Great, we are almost there. The last step will be to add a new column into our Pandas DataFrame containing the ranking factor:

DF['ranking'] = DF['NetIncome_Growth']*Net_Income_Growth + DF['Revenue_Growth']*Revenue_Growth  + DF['ROE']*ROE + DF['ROA']*ROA + DF['Debt_Ratio'] * Debt_Ratio + DF['Interest_Coverage'] * Interest_Coverage + DF['Dividend_Payout_Ratio'] * Dividend_Payout_Ratio + DF['PB']*PB + DF['PS']*PS

Now, we can simply print the DataFrame including the ranking factor for each of the stocks in our investment model:

print(DF.sort_values(by=['ranking'],ascending=False))
Investment Model with Python

As we can see in the above picture, our investment models predict that CSCO will be the best stock to invest in as per our selected criteria with a ranking of 48 points. Of course, this is only a model and further analysis of the stock would be required before putting money into it.

Wrapping Up

We have covered quite a bit in this post. We have created an investment model based on key financial ratios and a customized ranking factor.

Such investment models are particularly helpful in order to preliminary identify a few potential good investments to focus our analysis on them. For example, we could analyse some of the financial ratios more in deep for some of our best ranked companies. We could apply the DuPont method to analyse the return on equity (ROE) . Or value the company using the Gordon Growth model.
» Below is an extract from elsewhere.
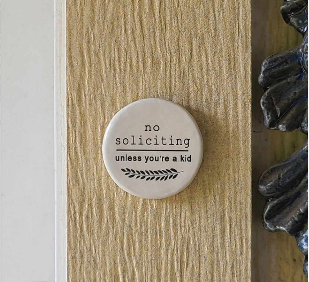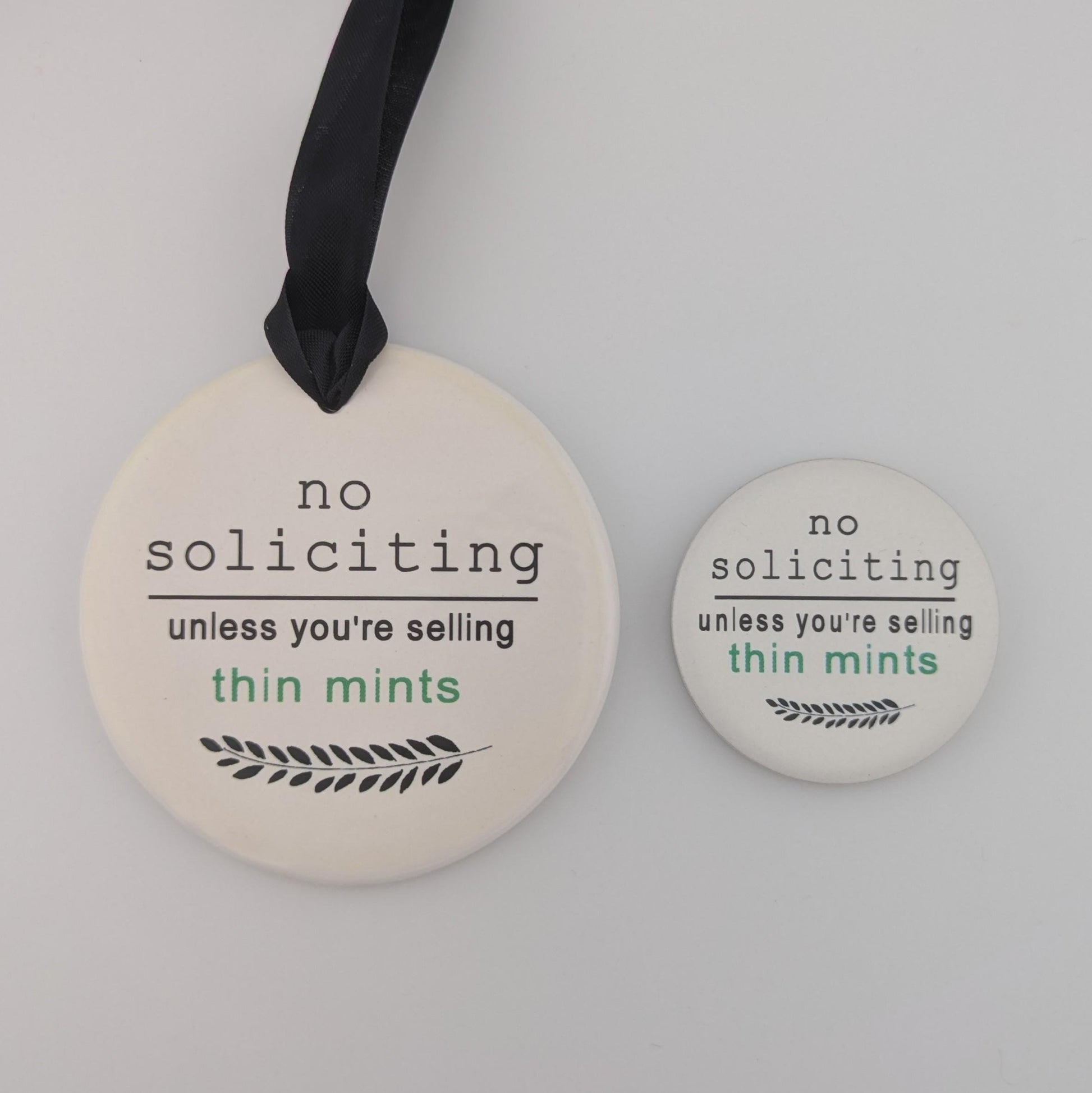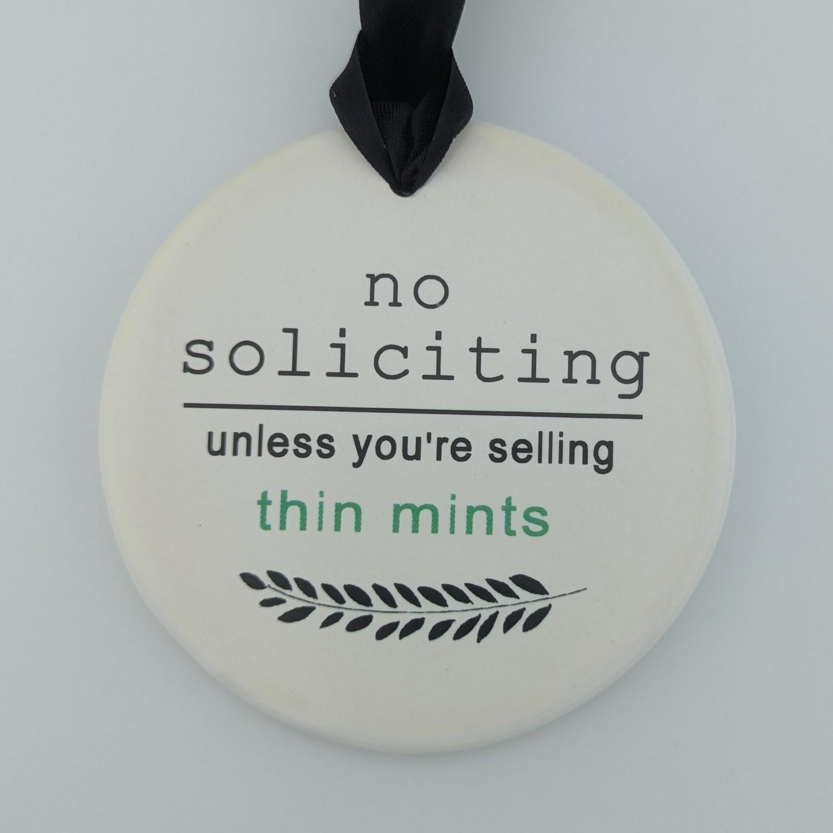 For a no soliciting sign that is still kid friendly, we've created our no soliciting unless you're selling thin mints sign. When you don't want solicitation but would still love to support kid's fundraising while enjoying some cookies, these are the perfect solution. Our ceramic signs are small and elegant.

One limitation of using financial ratios that I would like to highlight is the fact that financial ratios are mostly calculated using the latest available and public data. Therefore, if a company financials were published 3 months ago, financial ratios using balance sheet or income statement data may be outdated. Especially if there has been a material event impacting company operations.